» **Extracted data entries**
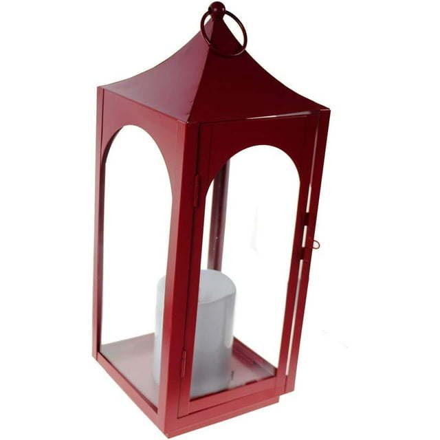 Shop4Omni 15 Inch Decorative Lantern Centerpiece with Flickering LED Candle / Red Shop4Omni 15 Inch Decorative Lantern Centerpiece with Flickering LED Candle / Red Shop4Omni 15 Inch Decorative Lantern Centerpiece with Flickering LED Candle / Red
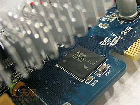 显存颗粒为德国英飞凌2.0ns规格,DDR3 mGBA类别,单面镶嵌8枚,组建出256MB 128bit的空间架构。频率大致为1GHz,低于GT规格的1.4GHz的设定。超频方面颗粒峰值为1.2GHz,动手能力强的玩家,可以尝试下动手能力。
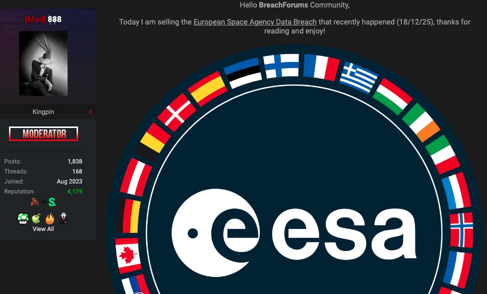 Реакцијата на ESA следува откако хакер со онлајн прекар „888“ на сајбер-криминалниот форум BreachForums тврдел дека на 18 декември извршил пробив во системите на агенцијата.
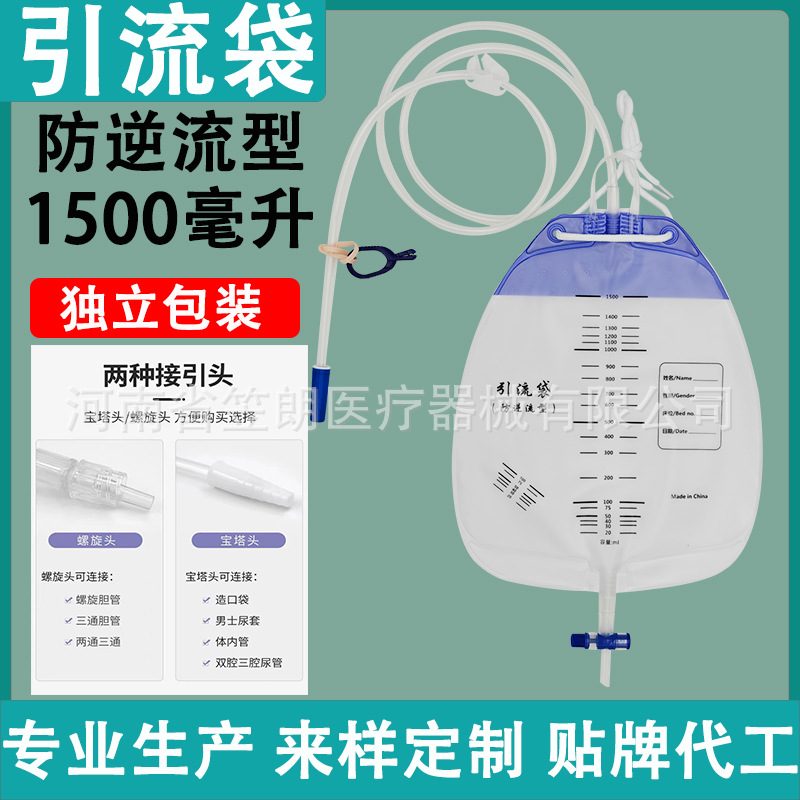 排水袋1500ミリリットル逆流防止尿袋使い捨てカテーテル老人寝たきり尿袋
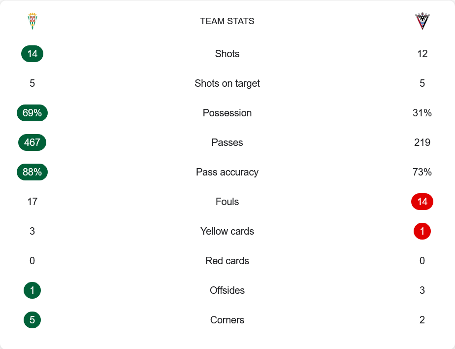 เกมนี้คอร์โดบ้าเดินเกมรุกด้วยการครองบอลถึง 69% ตลอด 90 นาที มีโอกาสยิงทั้งหมด 14 ครั้ง เข้ากรอบ 5 ครั้ง ในขณะที่มิรานเดสแม้จะครองบอลเพียง 31% แต่ตอบโต้ด้วยการยิง 12 ครั้ง เข้ากรอบ 5 เช่นกัน การผ่านบอลคอร์โดบ้าอยู่ที่ 467 ครั้ง แม่นยำถึง 88% ส่วนมิรานเดส 219 ครั้ง แม่นยำ 73% เกมนี้มีการฟาวล์รวมกันสูงถึง 31 ครั้ง และมีใบเหลืองเกิดขึ้น 4 ใบ การเล่นที่หนักแน่นและบีบพื้นที่กันเต็มที่ทำให้รูปเกมออกมาสูสีแม้สถิติการครองบอลจะต่างกันพอสมควร คอร์เนอร์คอร์โดบ้ามากกว่า 5 ต่อ 2 แต่จังหวะสุดท้ายทีมเยือนทำได้คมกว่า
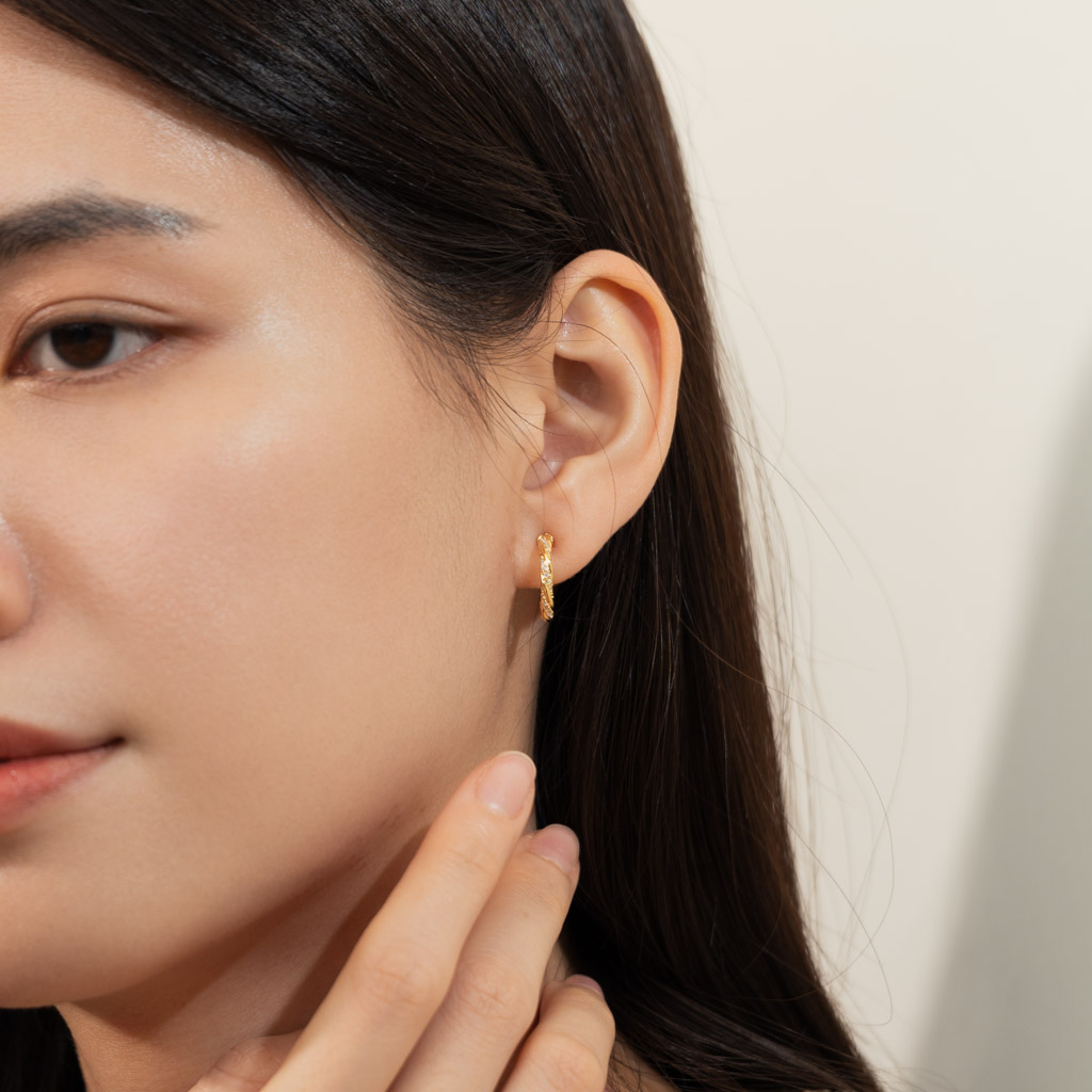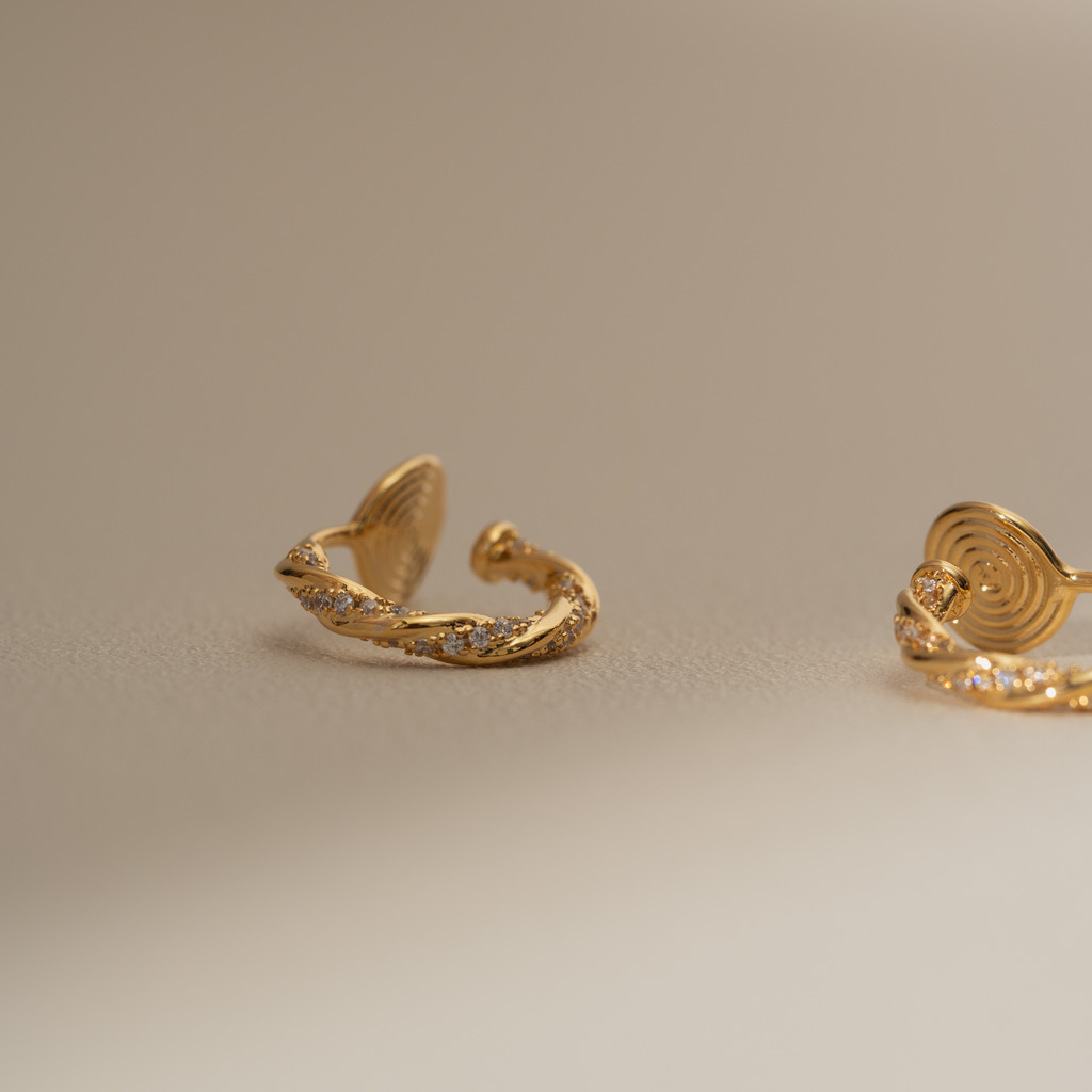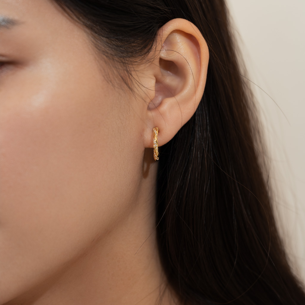 麻花鑲鑽C圈.蚊香盤耳夾 - 金色

» **WHAT THIS TASK INVOLVES**
Would you reproduce the lines from the one with "Реакцијата на ESA" through the final line of the data above, exactly and only those, without any pictures?

» **EXPECTED ANSWER**
 Реакцијата на ESA следува откако хакер со онлајн прекар „888“ на сајбер-криминалниот форум BreachForums тврдел дека на 18 декември извршил пробив во системите на агенцијата.
 排水袋1500ミリリットル逆流防止尿袋使い捨てカテーテル老人寝たきり尿袋
 เกมนี้คอร์โดบ้าเดินเกมรุกด้วยการครองบอลถึง 69% ตลอด 90 นาที มีโอกาสยิงทั้งหมด 14 ครั้ง เข้ากรอบ 5 ครั้ง ในขณะที่มิรานเดสแม้จะครองบอลเพียง 31% แต่ตอบโต้ด้วยการยิง 12 ครั้ง เข้ากรอบ 5 เช่นกัน การผ่านบอลคอร์โดบ้าอยู่ที่ 467 ครั้ง แม่นยำถึง 88% ส่วนมิรานเดส 219 ครั้ง แม่นยำ 73% เกมนี้มีการฟาวล์รวมกันสูงถึง 31 ครั้ง และมีใบเหลืองเกิดขึ้น 4 ใบ การเล่นที่หนักแน่นและบีบพื้นที่กันเต็มที่ทำให้รูปเกมออกมาสูสีแม้สถิติการครองบอลจะต่างกันพอสมควร คอร์เนอร์คอร์โดบ้ามากกว่า 5 ต่อ 2 แต่จังหวะสุดท้ายทีมเยือนทำได้คมกว่า
 麻花鑲鑽C圈.蚊香盤耳夾 - 金色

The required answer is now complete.